JAMES

By Percival Everett

Doubleday

978-0-547-73847-5

304pp/$28.00/March 2024

James
Cover by Emily Mahon

Reviewed by Steven H Silver


On its surface, Percival Everett's James is a retelling of Mark Twain's The Adventures of Huckleberry Finn from the point of Jim, that novel's runaway slave, and while Everett does recreate many of the events from that novel from Jim's point of view, the book does much more than simply retell the story. Everett's take on Jim's tale adds levels of understanding to the original text that exist because of the changes to the story that Everett elected to make, not least of which was shifting the action of the novel from the 1840s to 1860.
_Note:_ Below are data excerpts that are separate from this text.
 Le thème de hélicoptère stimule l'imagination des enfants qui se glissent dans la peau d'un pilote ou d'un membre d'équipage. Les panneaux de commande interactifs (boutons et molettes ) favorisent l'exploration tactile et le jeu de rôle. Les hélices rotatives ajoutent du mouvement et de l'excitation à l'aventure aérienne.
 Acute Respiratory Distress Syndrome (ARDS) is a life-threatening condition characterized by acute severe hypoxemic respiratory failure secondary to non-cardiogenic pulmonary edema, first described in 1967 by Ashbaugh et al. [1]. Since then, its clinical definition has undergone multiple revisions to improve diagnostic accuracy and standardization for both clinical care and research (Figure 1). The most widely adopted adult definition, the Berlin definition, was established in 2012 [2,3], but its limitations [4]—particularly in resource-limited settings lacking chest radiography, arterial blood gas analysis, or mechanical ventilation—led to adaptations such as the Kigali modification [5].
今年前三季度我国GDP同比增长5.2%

The novel opens with Jim in servitude to Miss Watson in Hannibal, Missouri, a small change since Twain's novel is set in the fictitious St. Petersburg, but a change which hints to the reader that the novel is not going to entirely follow Twain's narrative. the next change is much more obvious. When white folk aren't around, Jim demonstrates himself to be quite erudite, more so than most of the white people in Hannibal, as well as self-educated and able to read. In secret, he teaches the younger slaves, not how to speak well or read, but rather how to hide the fact that they can speak well and teaches them to speak in the sort of lingo the white people of Hannibal expect from them.
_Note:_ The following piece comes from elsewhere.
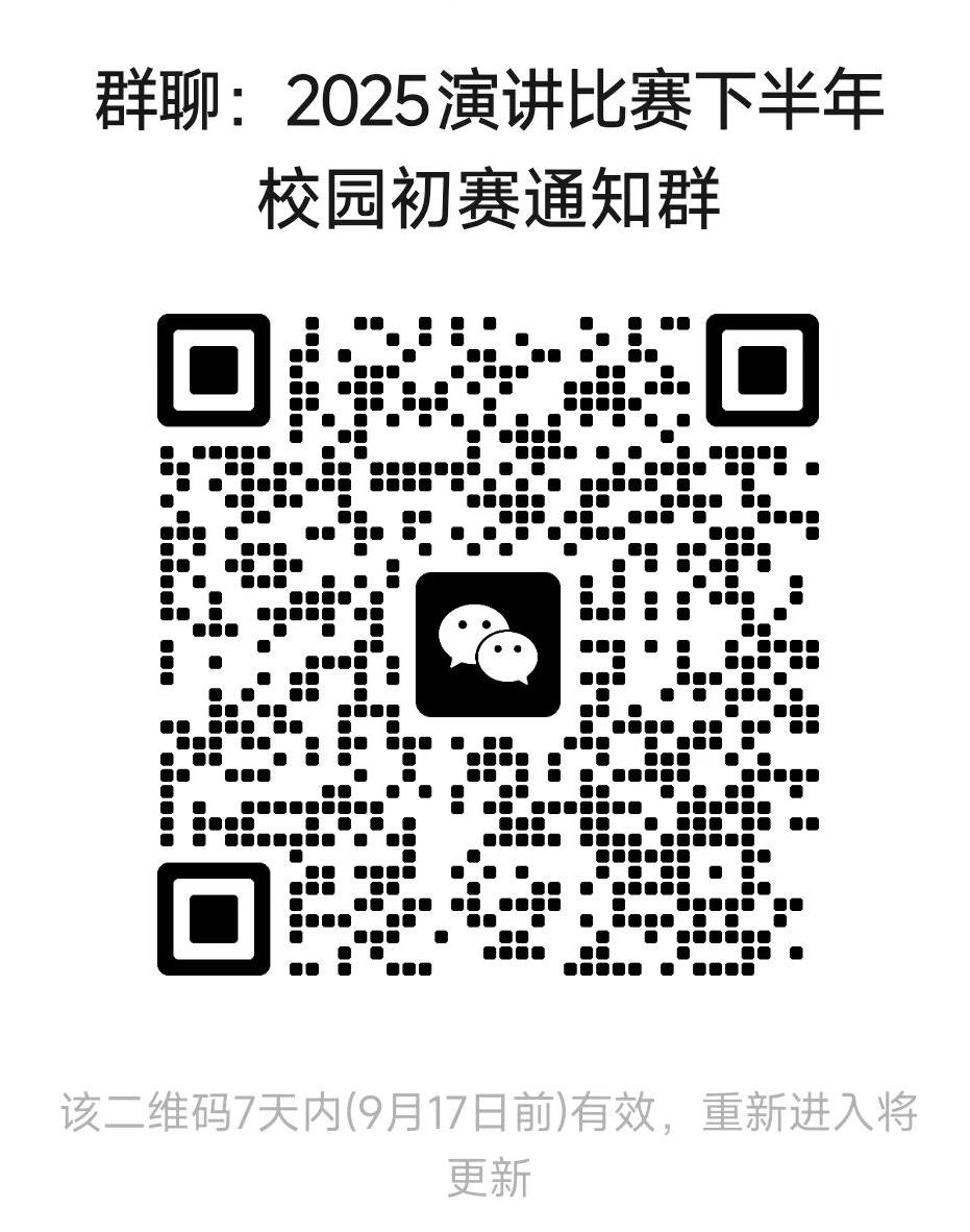 定題演講:選手以大賽公布的定題演講題目Strike the Waves(擊水中流,破浪前行)為依據,自擬小標題錄制3分鐘英語脫稿演講視頻,并在規定時間內通過超星學習通進行提交,詳情請掃碼進群并關注群通知(定題演講題目介紹請見大賽官網https://ucc.fltrp.com/c/2025-03-22/529100.shtml)。

Much of the novel follows the outline of the source material, with Jim offering his own take on the events and occasionally being able to add a wider world-view to the story Huck told. This section of the novel really shines, however, when Jim and Huck are separated and Everett is free to flesh out Jim's character and activities without concern for remaining true to Twain's novel. Everett is helped by the fact that Finn is an unreliable narrator and so Everett can add things to the story that Huck would not have included or would have misinterpreted, such as the times Jim slipped up and didn't speak with his slave's patois.

Many readers have expressed dissatisfaction with the ending of Twain's novel. Once Tom Sawyer shows up at the Phelpses, he engages in the sort of make-believe hijinks that were appropriate for a young boy living in St. Petersburg in The Adventures of Tom Sawyer, but seem out of place when Jim is being held a slave further down the river. Everett elected to re-write the entire ending of the book, given Jim a chance to have adventures without Huck Finn, and to allow Everett to explore the horrors of slavery in a detail that Twain never did in The Adventures of Huckleberry Finn.

Everett's lengthy finale focuses on Jim's trials and tribulations and he finds himself associating with characters who never graced Twain's novels...slaves who supported their masters and slaves who undermined their masters, Blacks who were passing, whites with abolitionist tendencies, and whites who had no compunctions about wounding or killing slaves in order to maintain the status quo. Eventually, Jim and Huck are reunited, but Everett offers his own twist on their reunion, both on a personal level and a macro level with news of the outbreak of the Civil War filtering through the book, although it is presented more as a hypothetical than anything with real consequences for the characters.

James doesn't supersede The Adventures of Huckleberry Finn, but it does amend it. Everett's book enters a complex conversation with Twain's novel. Twain's novel still stands on its own, but when the reader is open to the arguments posited in Everett's book, it adds a twenty-first century depth and reinforces the relevance of Twain's magnum opus.